Tale articolo prevede la sospensione delle normali regole di trattamento penitenziario, con un provvedimento del ministro della Giustizia, per gravi motivi di ordine e sicurezza pubblica.254

Innanzitutto sono limitati i colloqui con i famigliari, che possono essere uno al mese ad intervalli di tempo regolari. Tali incontri sono videoregistrati e si svolgono in locali attrezzati in modo da impedire ogni contatto tra il detenuto e il visitatore e il passaggio di oggetti: è presente un vetro divisorio e il condannato e il famigliare si parlano attraverso un interfono.255

Queste restrizioni comportano spesso un inevitabile peggioramento dei rapporti con i propri cari, aumentando di conseguenza la sofferenza del condannato.256 È proprio considerando tale aspetto che si è posto il problema della tutela del diritto

all’affettività del detenuto.257

In caso di impossibilità di un colloquio orale, il direttore dell’istituto può autorizzare una conversazione telefonica della durata massima di dieci minuti (in questo caso la prescrizione è analoga a quella relativa agli altri detenuti) che viene registrata.

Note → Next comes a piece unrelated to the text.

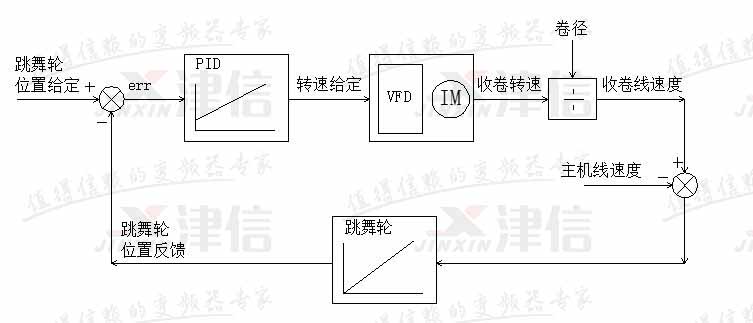 可見(jiàn)收卷線速度同步控制的控制要求,可以轉(zhuǎn)化為跳舞輪位置控制的要求。

253 Cfr. A. PUGIOTTO, Criticità costituzionali dell’ergastolo ostativo, cit., p. 65. 254 Cfr. P. CORSO (a cura di), Manuale dell’esecuzione penitenziaria, cit., p. 217. 255 Cfr. ivi, p. 225.

256 «Un sistema che priva di tutto, anche di un semplice abbraccio, di un semplice bacio con mio papà. Io non ho toccato la mano al mio papà per sette anni, questo ha distrutto anche il nostro rapporto […]». Queste sono le parole di Francesca, figlia di Tommaso Romeo, un detenuto che ha passato anni in regime di carcere duro. Cfr. Ristretti orizzonti, 1/2017, p. 28.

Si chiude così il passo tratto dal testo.